As Roger Montti pointed out, this may give a clearer indication of how AIOs use pages that the user in question may be interested in. Their entire job is to synthesise answers from multiple sources and searches to provide the perfect jumping off point. I suspect this scoring system is an excellent way to avoid computationally expensive, unnecessary utilisation of documents.
contentEffort - described as a ‘Large Language Model (LLM)-based effort estimation for article pages’ - estimates the amount of effort invested in creating an article. As slop makes up more than 50% of the internet, this is seemingly one of Google’s way of dealing with it.
How can I use this effectively?
Make differentiated, non-commodity content. It’s really simple. Apply what we call information gain in this context to your own content - if you cannot add anything of value to the existing index, then don’t bother.
You can use do this with:
Original data
First-hand experience
Interviews
Real reporting
Being first on the scene and developing the story as it happens
Proprietary analysis
You don’t need a big budget. You can do amazing thing with a few free data sources, some creativity and a bit of rope. Just make sure the article has an element of uniqueness.

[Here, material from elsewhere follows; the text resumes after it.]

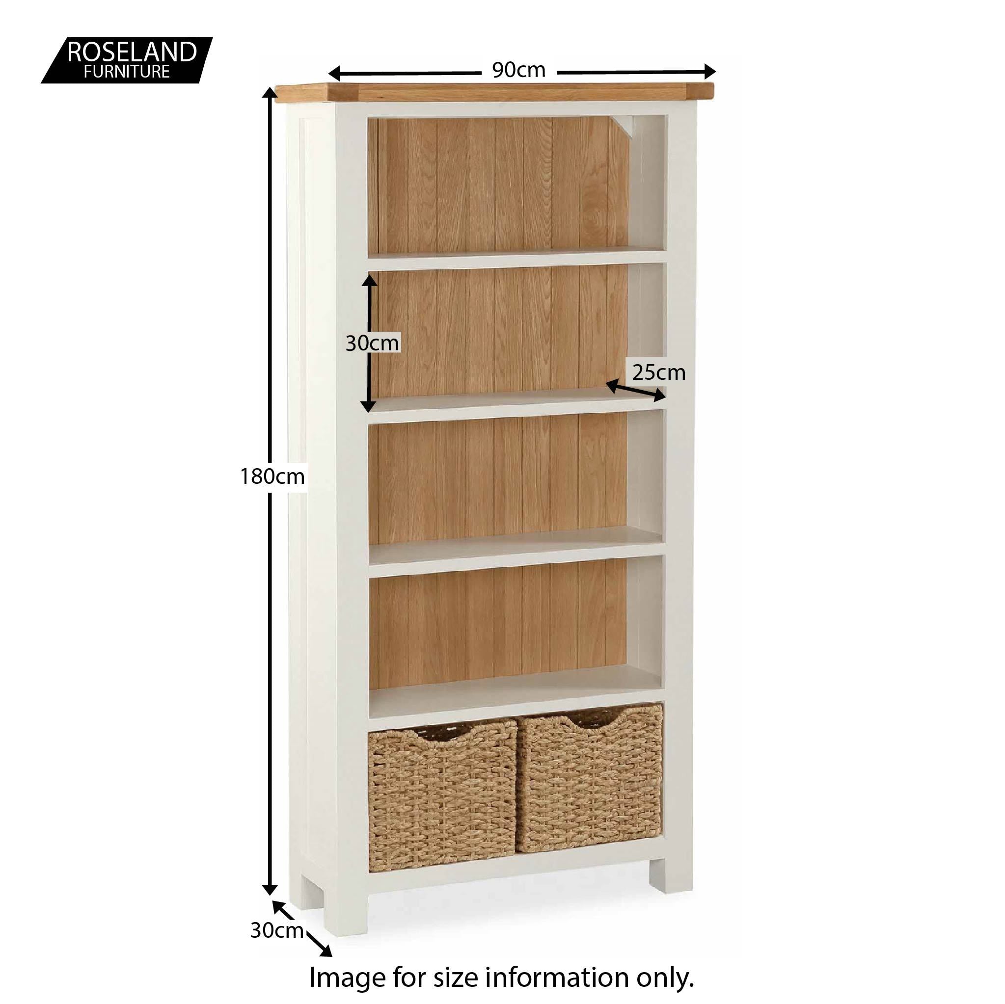 The Daymer cream Large Bookcase is the largest of the bookcases in the Daymer cream range. Offering an abundance of shelf and basket storage space this bookcase will suit any room of the house. Finished in a buttermilk cream painted colour with a contrasting oak top this unit is suited to any room of the house.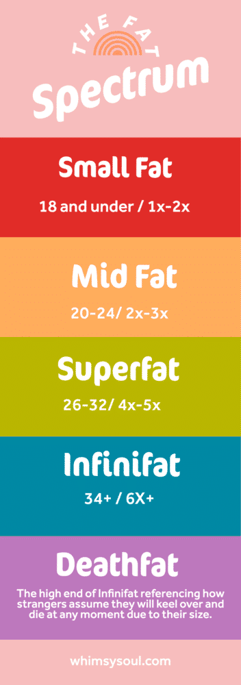 Something about sizing that many people who aren’t apart of the fat community often miss is that there are levels to fatness and privileges within each level. The first time I’ve ever heard of the fat spectrum was from The Fat Lip Podcast. Instead of seeing this spectrum as gatekeeping or a singular solid source, view it as a gateway to discuss privileges each fat person holds.

I think this really helps frame whether content is still worth creating. If you’re doing something just for SEO reasons and you can’t add anything extra to the existing suite of information, kill it. If a document contributes very little new information, the patent suggests it’s a strong candidate to be deprioritised when selecting subsequent documents.
Still costs time and money to make, but is less and less likely to drive any real value. Stay in your lane, but drive a nicer car.
I have a feeling your indexation report in GSC is invaluable here. Beige content has a shelf life so low it’s in the running for the new UK Prime Minister. So check for any pages dropping out of the index at scale for more serious issues.